What the task requires:
Starting at the line below holding "Per la ristorazione, la" and stopping at the line holding "Die polnische Delegation", print every line exactly, both ends included, and leave the rest out.

* * * * * * * * *

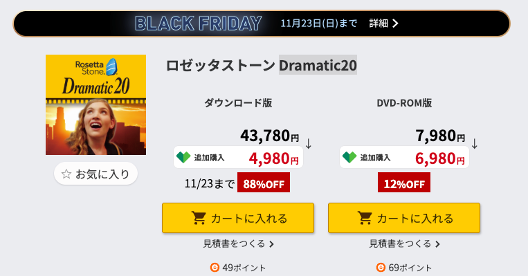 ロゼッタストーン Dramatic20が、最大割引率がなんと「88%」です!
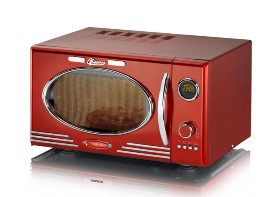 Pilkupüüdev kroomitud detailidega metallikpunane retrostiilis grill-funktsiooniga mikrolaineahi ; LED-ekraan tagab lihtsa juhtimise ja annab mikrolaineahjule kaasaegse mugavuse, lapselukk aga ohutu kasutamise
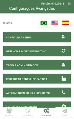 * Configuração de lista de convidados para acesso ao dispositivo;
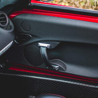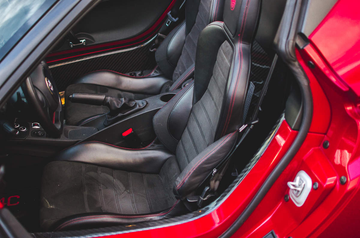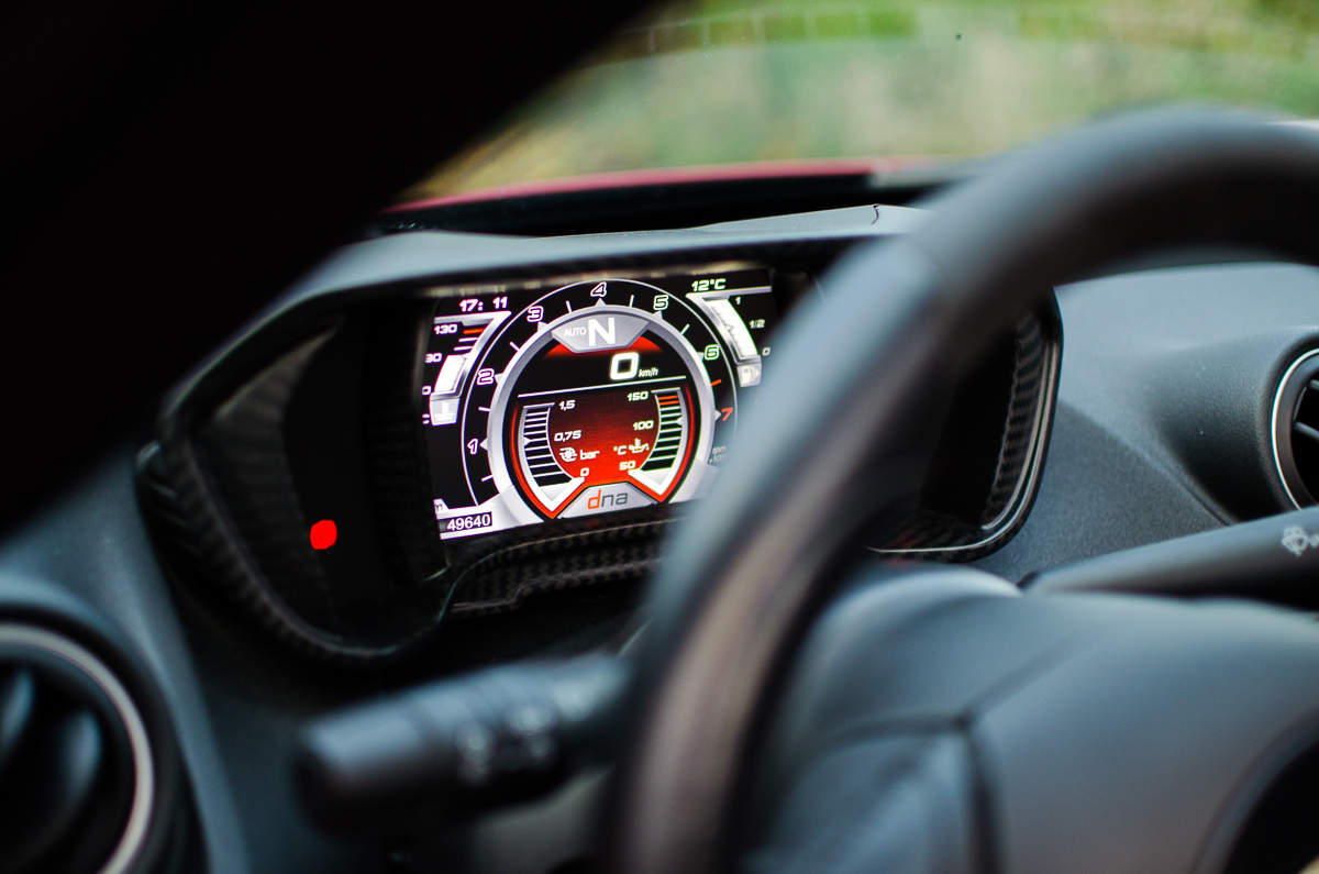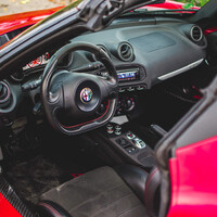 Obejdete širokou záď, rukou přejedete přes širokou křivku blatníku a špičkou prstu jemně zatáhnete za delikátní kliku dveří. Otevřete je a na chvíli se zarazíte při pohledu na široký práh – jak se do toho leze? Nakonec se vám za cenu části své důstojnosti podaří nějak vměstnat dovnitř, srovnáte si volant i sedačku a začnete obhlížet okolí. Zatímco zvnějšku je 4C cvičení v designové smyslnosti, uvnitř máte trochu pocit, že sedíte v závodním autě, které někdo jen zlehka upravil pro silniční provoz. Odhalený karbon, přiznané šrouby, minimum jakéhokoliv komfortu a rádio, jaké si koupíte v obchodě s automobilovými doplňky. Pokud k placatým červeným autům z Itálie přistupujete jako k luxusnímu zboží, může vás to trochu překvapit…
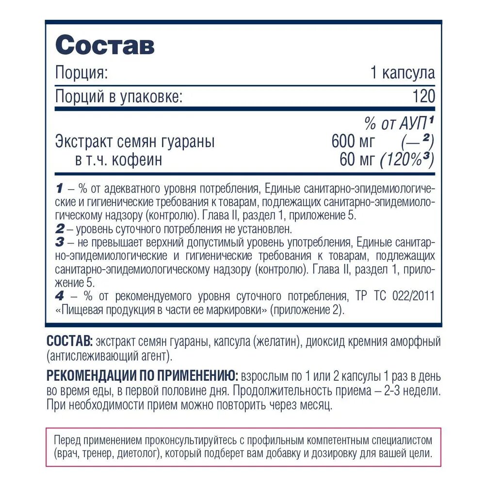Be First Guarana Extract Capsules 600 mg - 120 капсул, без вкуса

* * * * * * * * *

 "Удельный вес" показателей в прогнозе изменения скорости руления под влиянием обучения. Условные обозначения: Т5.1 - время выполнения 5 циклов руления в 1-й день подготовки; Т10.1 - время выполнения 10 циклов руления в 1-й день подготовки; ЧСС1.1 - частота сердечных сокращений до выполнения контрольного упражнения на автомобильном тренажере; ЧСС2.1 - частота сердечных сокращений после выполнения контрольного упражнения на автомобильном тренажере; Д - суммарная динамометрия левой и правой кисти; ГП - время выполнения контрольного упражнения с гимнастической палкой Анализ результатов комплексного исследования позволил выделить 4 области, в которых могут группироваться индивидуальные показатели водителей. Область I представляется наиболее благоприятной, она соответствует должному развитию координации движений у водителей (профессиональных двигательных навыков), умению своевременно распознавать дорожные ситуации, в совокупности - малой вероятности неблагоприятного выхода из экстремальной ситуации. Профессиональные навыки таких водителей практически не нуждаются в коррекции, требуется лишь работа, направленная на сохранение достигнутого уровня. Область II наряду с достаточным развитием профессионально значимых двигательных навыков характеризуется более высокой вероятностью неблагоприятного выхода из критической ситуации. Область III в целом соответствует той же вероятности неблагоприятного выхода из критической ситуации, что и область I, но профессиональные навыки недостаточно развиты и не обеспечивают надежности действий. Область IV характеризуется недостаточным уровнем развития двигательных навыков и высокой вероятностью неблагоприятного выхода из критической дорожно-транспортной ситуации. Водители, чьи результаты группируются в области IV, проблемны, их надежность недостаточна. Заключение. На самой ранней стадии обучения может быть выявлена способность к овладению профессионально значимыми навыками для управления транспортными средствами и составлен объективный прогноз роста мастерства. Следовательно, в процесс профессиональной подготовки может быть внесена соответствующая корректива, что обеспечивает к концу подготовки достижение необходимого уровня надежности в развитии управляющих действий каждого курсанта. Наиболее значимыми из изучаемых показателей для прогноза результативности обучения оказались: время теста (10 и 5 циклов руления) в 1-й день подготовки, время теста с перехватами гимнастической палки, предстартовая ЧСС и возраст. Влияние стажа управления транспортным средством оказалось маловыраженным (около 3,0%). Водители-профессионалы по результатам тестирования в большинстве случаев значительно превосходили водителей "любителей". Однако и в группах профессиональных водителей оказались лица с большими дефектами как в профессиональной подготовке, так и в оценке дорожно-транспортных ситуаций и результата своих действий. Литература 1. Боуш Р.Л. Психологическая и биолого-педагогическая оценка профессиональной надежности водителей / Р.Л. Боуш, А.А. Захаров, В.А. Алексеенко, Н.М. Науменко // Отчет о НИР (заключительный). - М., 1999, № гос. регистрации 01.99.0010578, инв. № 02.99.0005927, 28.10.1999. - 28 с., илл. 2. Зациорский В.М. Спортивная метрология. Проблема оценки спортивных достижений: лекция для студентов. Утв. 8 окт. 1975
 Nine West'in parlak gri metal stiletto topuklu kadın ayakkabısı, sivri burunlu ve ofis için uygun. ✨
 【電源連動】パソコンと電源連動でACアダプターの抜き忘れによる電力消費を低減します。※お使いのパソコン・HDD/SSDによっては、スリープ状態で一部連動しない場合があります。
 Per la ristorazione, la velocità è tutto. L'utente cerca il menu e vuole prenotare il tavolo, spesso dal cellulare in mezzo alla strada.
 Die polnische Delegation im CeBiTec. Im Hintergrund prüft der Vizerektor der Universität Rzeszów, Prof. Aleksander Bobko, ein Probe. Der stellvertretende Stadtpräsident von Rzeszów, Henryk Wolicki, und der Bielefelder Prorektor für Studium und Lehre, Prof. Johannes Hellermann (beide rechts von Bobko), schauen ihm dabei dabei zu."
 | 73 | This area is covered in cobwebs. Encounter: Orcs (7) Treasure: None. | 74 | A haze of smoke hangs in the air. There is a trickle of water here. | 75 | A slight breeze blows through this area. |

* * * * * * * * *

Exercise answer:
 Per la ristorazione, la velocità è tutto. L'utente cerca il menu e vuole prenotare il tavolo, spesso dal cellulare in mezzo alla strada.
 Die polnische Delegation im CeBiTec. Im Hintergrund prüft der Vizerektor der Universität Rzeszów, Prof. Aleksander Bobko, ein Probe. Der stellvertretende Stadtpräsident von Rzeszów, Henryk Wolicki, und der Bielefelder Prorektor für Studium und Lehre, Prof. Johannes Hellermann (beide rechts von Bobko), schauen ihm dabei dabei zu."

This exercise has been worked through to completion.